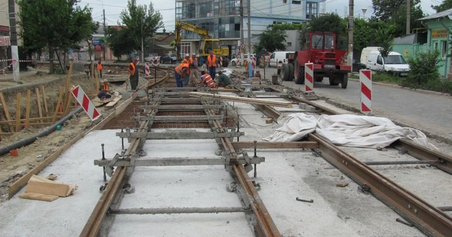 La tronsonul dintre străzile Calea Galaţi şi strada G-ral Ieremia Grigorescu se lucrează din plin la noua cale de rulare a tramvaielor.
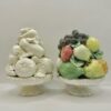 Estas piezas poseen un acabado brillante, una base con un diseño de pedestal blanco y en su parte superior una variedad de frutas y verduras con hojas entre ellas. Una de las piezas se encuentra pintada a mano con la técnica de mayólica, lo que le da una acabado de colores nítidos.
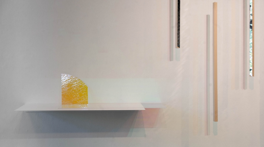 Wall work is a program at the galleries where we invite an artist to create a semester long, site-specific work in the Plaza Gallery. Atlanta-based artist, Madora Frey’s Available Light explores the artist’s romantic regard for both the natural and built environment in her search for the sublime. She employs colored gels and various reflecting materials to create an environment that destabilizes the corporeal world into gradations of light and shadow. Frey examines the dynamic properties of light like reflection, refraction, and color to subtly shift the viewer’s experience toward a sense of wonderment viewed through the lens of the mythical and the feminine.
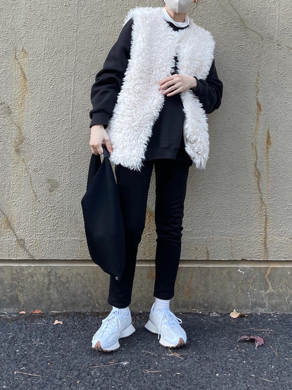 明けましておめでとうございます🤍 今年も宜しくお願いします! いっぱいおしゃれ楽しみたいです☺️ 2022年の最初もモノトーンです✌️ もこもこ可愛いです☁️
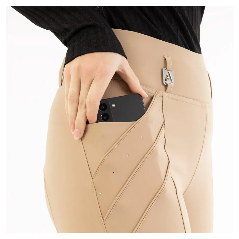 โ€ข Zak voor een mobiele telefoon aan beide zijden, verfraaid met zilveren strass-steentjes en stoffen biezen
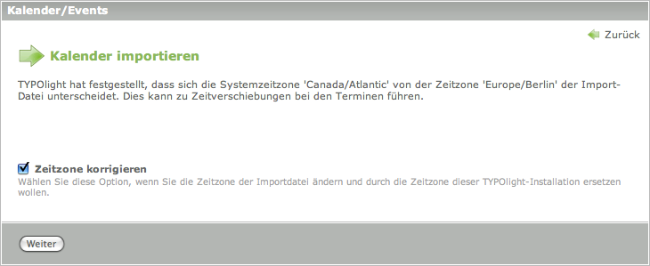 Wenn man eine iCal-Datei importierz, die eine andere Zeitzone hat als die des Contao-Systems, so erhält man einen Warnhinweis, der auf diesen Umstand aufmerksam macht. Man hat außerdem die Möglichkeit, durch die Auswahl eines Kontrollkästchens die Zeitzone der Importdatei auf die Zeitzone des Contao-Systems zu setzen, wenn man vermutet, dass die Termine eigentlich mit der identischen Zeitzone des Contao-Systems hätten erstellt werden sollen (was z.B. bei einer versehentlich "falschen" Zeitzonen-Einstellung des Contao-Systems oder des externen Kalender-Programms der Fall sein kann). Wenn man das Kontrollkästchen nicht auswählt, werden die Termine entsprechend der im externen Kalenderprogramm verwendeten Zeitzone in Contao importiert. Dabei wird es in den meisten Fällen zu einer Zeitverschiebung bei den importierten Terminen kommen, da diese nun in der in Contao voreingestellten Zeitzone angezeigt werden.
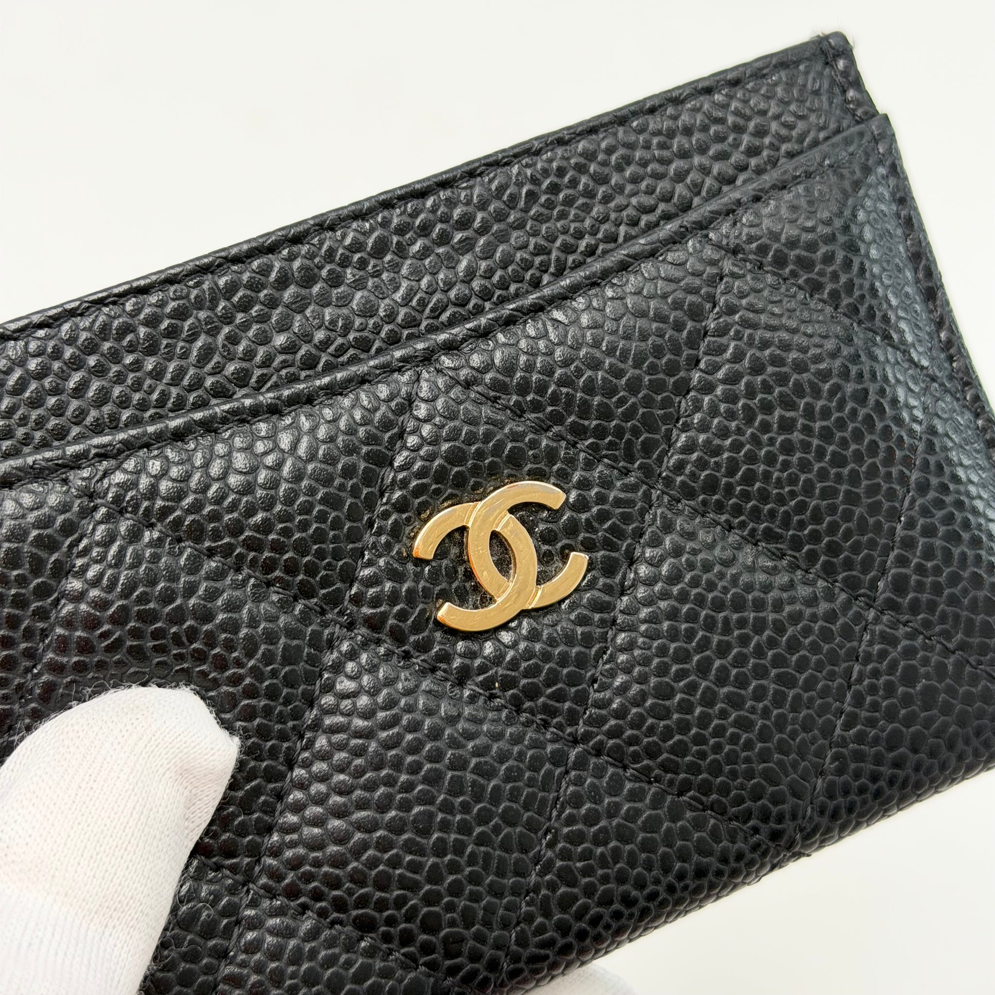 CHANEL CLASSIC CARD HOLDER IN BLK CAV LEA & GHW
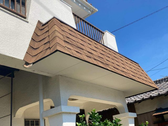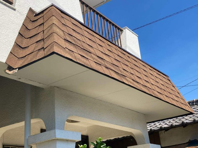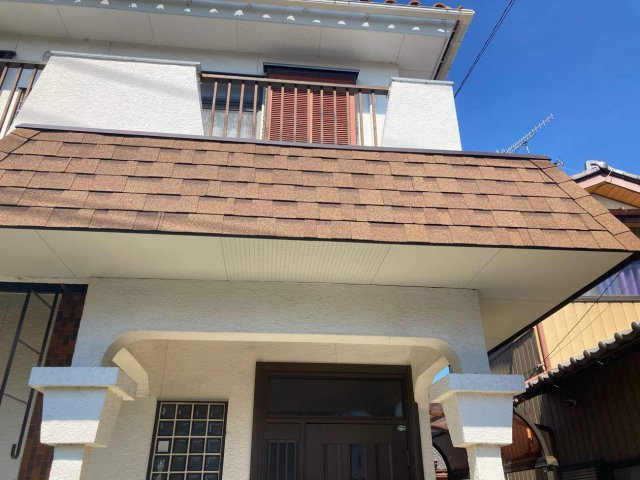 瓦が落ちかかっており大変危険な状態でしたので、軽いアスファルトシングルでの葺き替えを提案させていただきました。とてもご満足いただいたようですので良かったです。
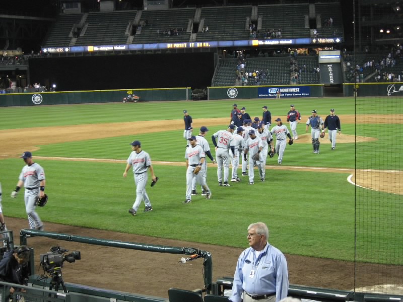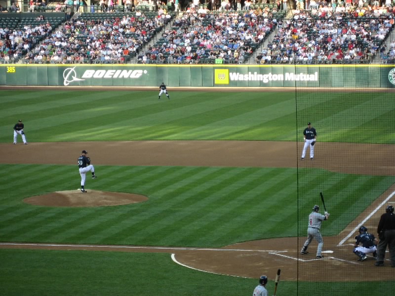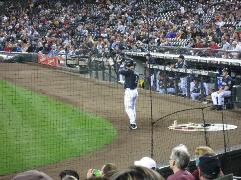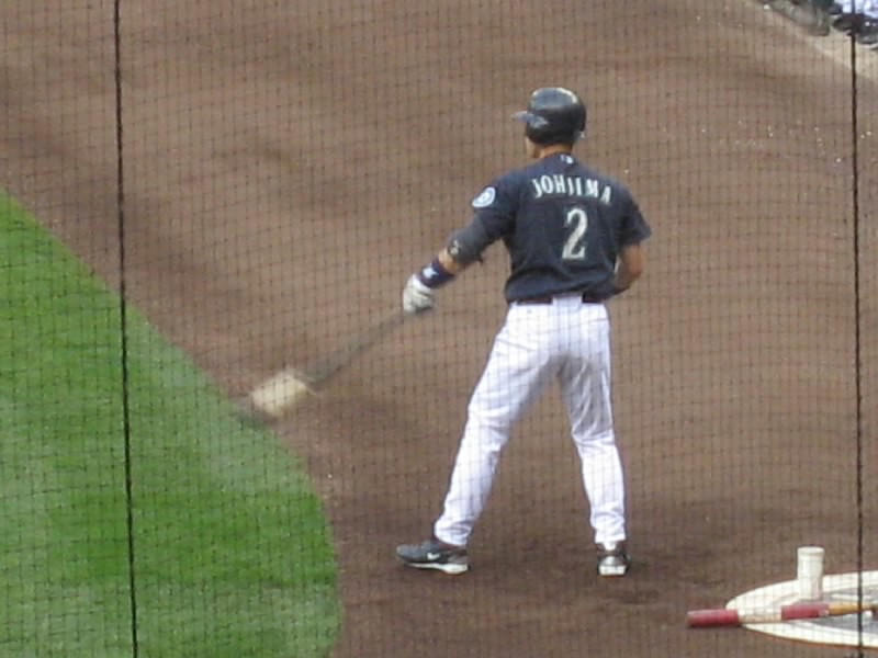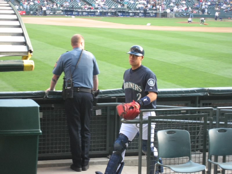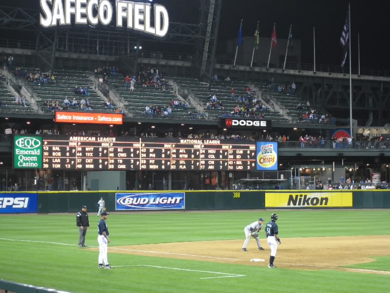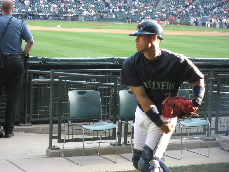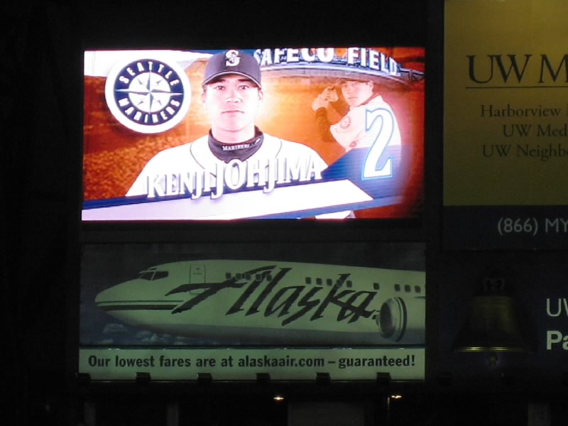 試合は相変わらずの劣勢。マリナーズも点はとっているのだが、今日はピッチャーがよくない。7回に変わったソリアーノ、8回で変わったシェリル、グリーンと途中で変わったピッチャーはとにかくフォアボールの嵐。これはちょっときついなあ。打たれるならともかく、フォアボールが続くと時差ぼけの身としてはとにかく眠くなるよね。8回の長い守備の途中で今日はあきらめたとばかりに帰る人が目立ち始めた。我々は途中で帰るつもりはないし、前のほうが空いたので行けるところまで行ってみましょう。バックネット裏、前から10列目くらいまで来たぞ。ここだとテレビに写るかもね。8回の裏、二人出れば城島まで回る。ところが先頭のセクソン、次のエバレットが凡退。ダメかなと思ったら、相手のエラーもあり、ベルトレ、ロートンが出塁。そして城島だ。おそらく今日最後の打席だろう。チャンスだし、何とかヒットを・・・ライトフライ。うーん、今日の城島は結局ノーヒットに終わった。

═══

### What you should do
Reproduce verbatim the opening line of the material and every line after it, up to and including the line with "Wall work is", but no pictures.

### Answer to this problem
 La tronsonul dintre străzile Calea Galaţi şi strada G-ral Ieremia Grigorescu se lucrează din plin la noua cale de rulare a tramvaielor.
 Estas piezas poseen un acabado brillante, una base con un diseño de pedestal blanco y en su parte superior una variedad de frutas y verduras con hojas entre ellas. Una de las piezas se encuentra pintada a mano con la técnica de mayólica, lo que le da una acabado de colores nítidos.
 Wall work is a program at the galleries where we invite an artist to create a semester long, site-specific work in the Plaza Gallery. Atlanta-based artist, Madora Frey’s Available Light explores the artist’s romantic regard for both the natural and built environment in her search for the sublime. She employs colored gels and various reflecting materials to create an environment that destabilizes the corporeal world into gradations of light and shadow. Frey examines the dynamic properties of light like reflection, refraction, and color to subtly shift the viewer’s experience toward a sense of wonderment viewed through the lens of the mythical and the feminine.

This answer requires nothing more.